Allocation free broadcasted methods WIP #17

Closed paraynaud closed 2 years ago

paraynaud commented 2 years ago

First try to make element wise operation allocation-free. The test is about a handmade structure TypeA which make a lot of allocation when similar is called.

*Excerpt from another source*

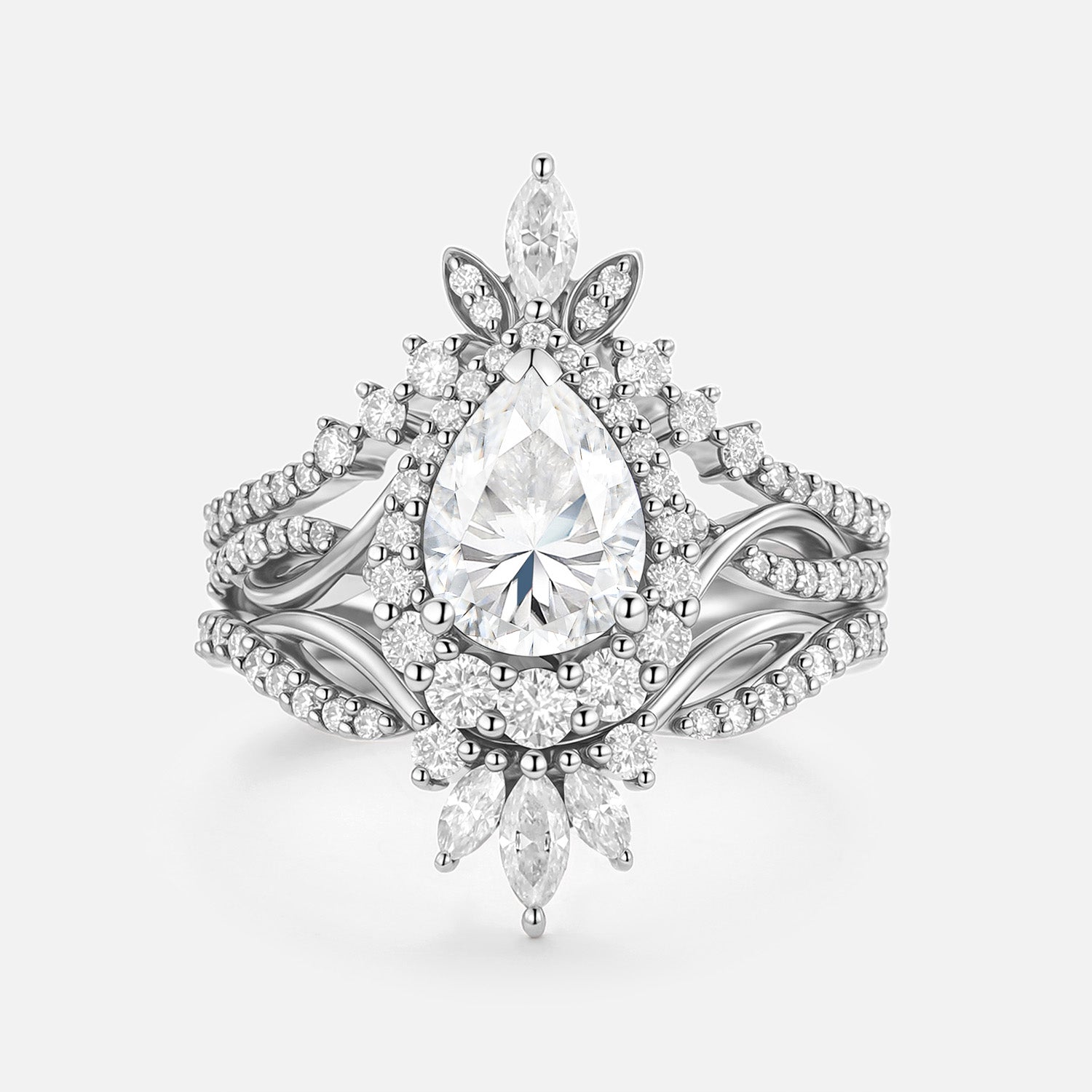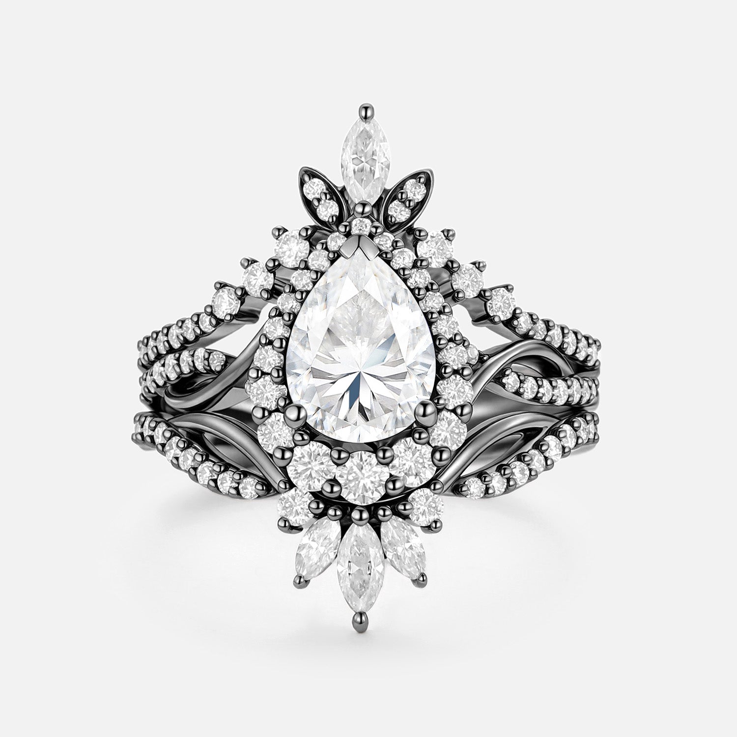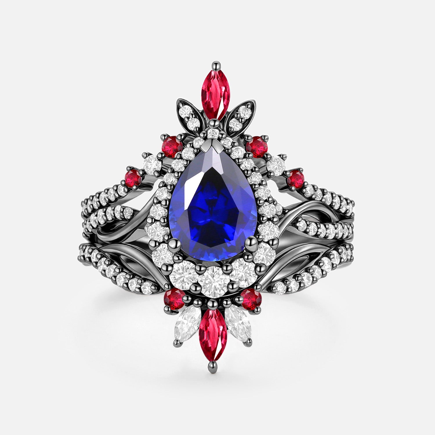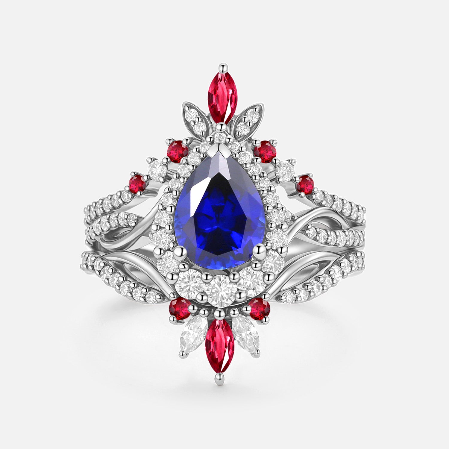 Pear Cut Lab Sapphire&Lab Ruby Signature Vintage Ring Set 3pcs

using ProfileSVG, BenchmarkTools

mutable struct TypeA{T}
  value::T
  compteur::Int
  n::Int
  rd_vec::Vector{T}
end 

typeA(val::T) where T <: Number = TypeA{T}(val,0, 500, rand(T,500))
Base.similar(::TypeA{T}) where T <: Number = TypeA{T}((T)(-1),0, 500, rand(T, 500))

v1 = typeA(1.)
v2 = typeA(2.)
vres = typeA(-1.)

import Base.+
function (+)(v1::TypeA{T}, v2::TypeA{T}; res=similar(v1)) where T <: Number
  res.value = v1.value + v2.value
  v1.compteur += 1
  v2.compteur += 1
  res.compteur += 1
  return res
end

@benchmark v1 + v2
# BenchmarkTools.Trial: 10000 samples with 206 evaluations.
#  Range (min … max):  472.330 ns … 48.035 μs  ┊ GC (min … max):  0.00% … 97.47%
#  Time  (median):     591.262 ns              ┊ GC (median):     0.00%
#  Time  (mean ± σ):   970.916 ns ±  1.827 μs  ┊ GC (mean ± σ):  21.73% ± 12.12%
#   █▅▅▄▃▃▂▁                                                     ▁
#   ███████████▇▇▆▅▅▅▅▄▁▃▃▁▃▃▃▃▁▁▁▃▁▄▄▁▁▃▃▄▁▄▄▃▁▅▅▅▄▆▅▅▆▅▆▅▅▁▄▅▅ █
#   472 ns        Histogram: log(frequency) by time      11.1 μs <
#  Memory estimate: 4.11 KiB, allocs estimate: 2.
@benchmark +(v1, v2; res=vres)
# BenchmarkTools.Trial: 10000 samples with 849 evaluations.
#  Range (min … max):  141.696 ns …  1.973 μs  ┊ GC (min … max): 0.00% … 0.00%
#  Time  (median):     150.766 ns              ┊ GC (median):    0.00%
#  Time  (mean ± σ):   175.039 ns ± 64.511 ns  ┊ GC (mean ± σ):  0.43% ± 2.08%
#   ▅█▆▅▁▂▃▃▂  ▁▂▂▁▁▂▂▁▁     ▁▁                                  ▁
#   ██████████████████████▇██████████▇█▇▇▇▇▇▇▅▆▆▆▆▆▇▅▄▅▄▅▄▅▄▅▅▅▄ █
#   142 ns        Histogram: log(frequency) by time       390 ns <
#  Memory estimate: 32 bytes, allocs estimate: 2.

import Base.*
function (*)(v1::TypeA{T}, v2::Y; res=similar(v1)) where {T <: Number, Y <: Number}
  res.value = v1.value * v2
  v1.compteur += 1
  res.compteur += 1
  return res
end

@benchmark v1 * 2
# BenchmarkTools.Trial: 10000 samples with 208 evaluations.
#  Range (min … max):  468.750 ns … 39.772 μs  ┊ GC (min … max):  0.00% … 93.51%
#  Time  (median):     578.365 ns              ┊ GC (median):     0.00%
#  Time  (mean ± σ):   955.533 ns ±  1.769 μs  ┊ GC (mean ± σ):  21.72% ± 12.26%
#   █▅▄▄▃▃▂▁▁                                                    ▁
#   ██████████▇▇▇▆▆▄▅▄▅▄▃▄▁▁▁▄▁▁▃▁▁▁▃▁▁▁▃▁▃▃▁▄▃▃▃▄▄▄▄▅▄▆▅▆▅▆▅▆▆▆ █
#   469 ns        Histogram: log(frequency) by time      10.5 μs <
#  Memory estimate: 4.11 KiB, allocs estimate: 2.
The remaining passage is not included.